Perhaps the most pervasive and rampant challenge that has plagued the golf industry for decades is how to grow participation. We’ve been tasked with speaking to golfers — and regrettably, to a much lesser extent, non-golfers — about this very topic on several occasions, and when forced to choose between getting current golfers to play more or finding new golfers, the latter has always been most prevalent among our respondents.
In lockstep with that finding, our research has shown that as much as 80% of all golf-related spending comes from about 20-25% of those defined as participants. And whether one is an avid and obsessed player or someone who plays only a handful of times per year, our research has typically also shown most to be “maxed out” in terms of their rounds commitment.
Our annual golfer omnibus study, now in its 11th year, continues to show the phenomenon that before the season golfers are generally bullish. Up to 95% typically express the intention to play as many or more rounds of golf in the year ahead. Yet, when we look at the following year’s data, a significant majority indicate that they did not accomplish that goal in the previous year. This is corroborated by those in the industry who task themselves with trying to count annual rounds played, a set of numbers that has been consistently stagnant, of late.
So, it’s no surprise that until only recently the brunt of industry efforts towards the growth of the game has been expended on the cultivation of new players and introducing “opportunity segments” and those with “latent demand” to discover golf. Each of the game’s governing bodies has rolled out and invested significantly in a number of programs designed to provide entry ramps. The World Golf Foundation has done a terrific job in supporting, coordinating and playing Switzerland/United Nations in promoting each of these organizations and their programs.
In proprietary research that we conducted in advance of this year’s annual PGA Merchandise Show, we heard industry leaders from across all sectors echo the reality that industry participation efforts have typically placed an overwhelming emphasis on programs that promote trial, and to all accounts, many of these have been quite successful.
There is ample data to support the abundance of new players. Initiatives like PGA Junior League earn consistent accolades from both industry leaders and participants. “Get Golf Ready,” “The First Tee,” USGA/LPGA Girls Golf, “Drive, Chip and Putt,” “Youth on Course,” “Free Lesson Month” and even the build-out of golf entertainment complexes (Topgolf, Drive Shack, BigShots and their imitators) are also frequently credited for exposing the game to new audiences of potential participants.
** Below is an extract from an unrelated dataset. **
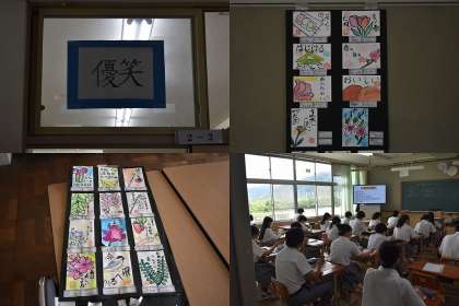 教室の前には美術の授業の「絵手紙」が飾られています。

As one of golf ’s leading financial analysts has often said to me, there are countless mature industries that would give their proverbial left arm to generate the new product trial that the golf industry achieves. The problem then is attrition. Golf is losing as many players as it is gaining and therein lies the root behind its participation stagnation.
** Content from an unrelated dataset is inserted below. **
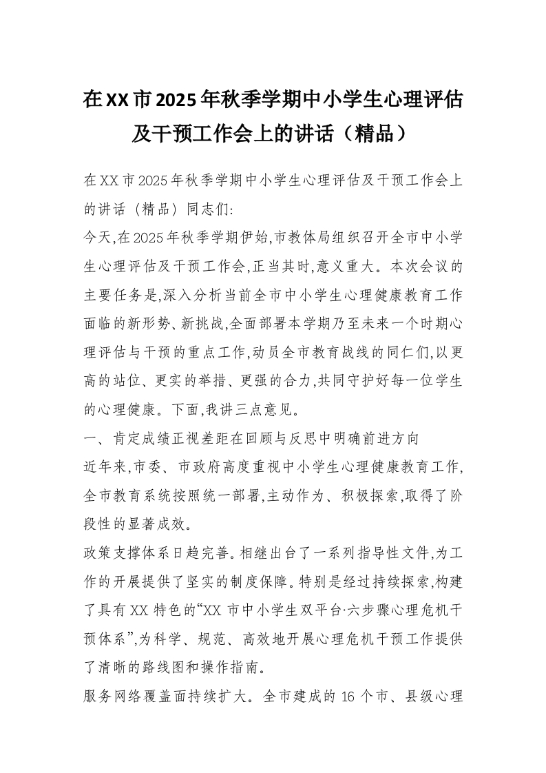 在XX市2025年秋季学期中小学生心理评估及干预工作会上的讲话(精品)

Despite some industry data that suggests significant latent demand for golf and a newly defined segment of alternate “golf participants,” our research continues to show a relatively consistent trend of between 5.5 to 7 million engaged golfers fueling the golf economy.
So, the logical follow-up question, then, is with all of this trial being stimulated, what can we do to keep people in the game? We have an abundance of successful introductory programs. We have a competitive amateur infrastructure in place to sustain and support those who excel. But we have yet to crack the code on how to more effectively move the less engaged and less skilled players through the golfer lifecycle.
Some of this can be attributed to foundational challenges in the overall infrastructure and customer service elements that comprise the golfer experience. Last week in this space, I spoke to how course conditions and social elements are consistently cited in our research as the major drivers of golfer satisfaction. Byproducts of this are access challenges and the pervasive cries that golf is too expensive and takes too much time. Both of these “barriers,” I will question in a future column, because they are actually cliches for more fundamental issues. But our research suggests that something else may be missing.
U.S. consumer packaged goods companies have built successful distribution and retention models through careful attention and cultivation of customers both at the point of sale and through direct marketing efforts. This is the “connective tissue” that stewards those who initially engage in a brand to a more meaningful and continuous relationship, immune to the distractions of competitive products or substitutes.
The essence and compelling benefits and features of the brand are consistently reinforced. Golf, as a product lacks that consistency in its delivery. There is no coordinated stewardship that ushers new, non-elite golfers from completion of an onboarding program, through the appropriate next phases in their golfer lifecycle.
One candidate is the grassroots PGA professional, presently pulled in too many directions by current customers to play that role. Another is the allied golf associations of the USGA (the former state and regional associations), but for the most part, they are understaffed and consumed by their administrative and governance functions to organize around this task. Another could be a diligently managed “viral army” of golfer ambassadors, akin to packaged goods field representatives.
Whoever ultimately can step up, may finally solve golf’s retention riddle.